In 2024, a major transcription service announced it had used customer audio to improve its AI models without explicit opt-in. That incident reminded many users that their “free” or “low-cost” transcription service had hidden costs. Since then, a growing number of professionals have been asking whether the convenience of cloud transcription is worth the exposure.

Krisp’s local-processing design eliminates that risk by design. Even if Krisp’s servers were compromised, there would be no customer audio to steal. That’s a strong argument for anyone who regularly handles sensitive conversations.

Practical Steps for Choosing a Secure Note Taker

If you’re shopping for a privacy-focused transcription tool, here are a few concrete things to check:

  1. Where does the audio go? Look for tools that process speech on the device rather than sending it to a server. Krisp is currently one of the few that does this for full transcription, though more are likely to follow.

  2. What happens to the data afterward? Even if the audio is processed initially in the cloud, some services allow you to delete recordings after transcription. Check their data retention policies. A service that keeps your audio for 30 days by default is not privacy-friendly.

  3. Does the tool use your data for training? Read the privacy policy – but don’t rely on it alone. Search for news about past incidents or independent audits. Otter and Fireflies have been fairly transparent, but their business models depend on cloud infrastructure.

  4. Can you use it offline? Krisp works offline for transcription, which is a useful indicator that processing is local. Cloud-dependent tools will stop functioning without an internet connection.

  5. Test accuracy yourself. Run a few test meetings with different speakers, accents, and background noise. If the local model is too error-prone for your needs, you may have to accept a higher privacy risk in exchange for better quality.

The Bottom Line

Krisp’s approach to AI note-taking is genuinely different from most competitors. By keeping all audio processing on your device, it removes the most common privacy risk in transcription – third-party access to recorded conversations. That doesn’t make Krisp perfect: its accuracy still lags behind top cloud services, and you lose the convenience of accessing your transcripts from any device, anywhere.

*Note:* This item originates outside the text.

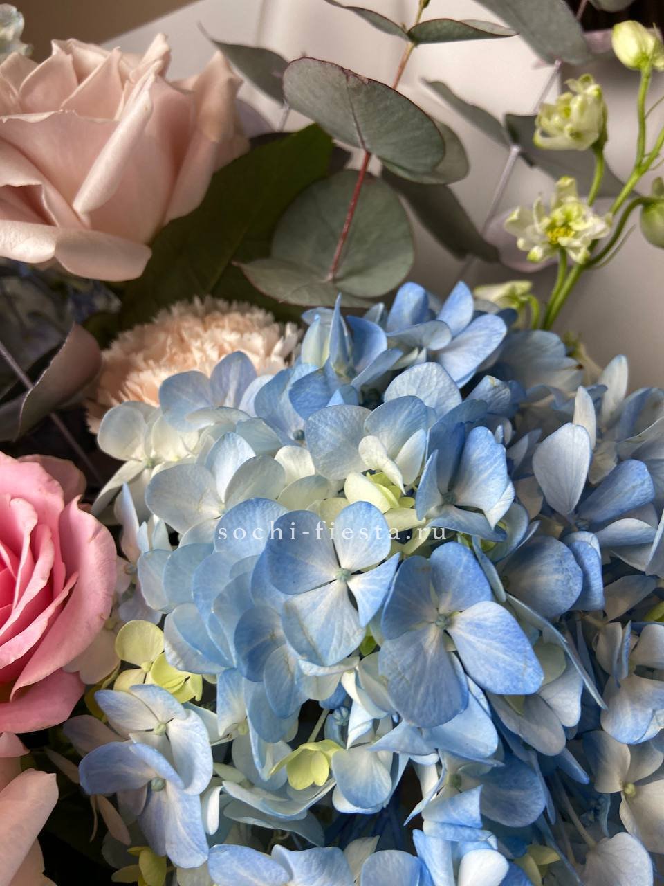 Пышная шапка гортензии переходит в розовые розы и маттиолы, создавая многослойную структуру. Эвкалипт обрамляет композицию, добавляя графичности и свежести.

For professionals who handle sensitive information, Krisp offers a viable compromise. For everyday meeting notes where privacy is less critical, Otter or Fireflies may still be more practical. The key is to match the tool’s privacy level to the sensitivity of the conversations you are recording.

If you aren’t sure where your current tool stores your data, it is worth finding out. The answer might change how you use it.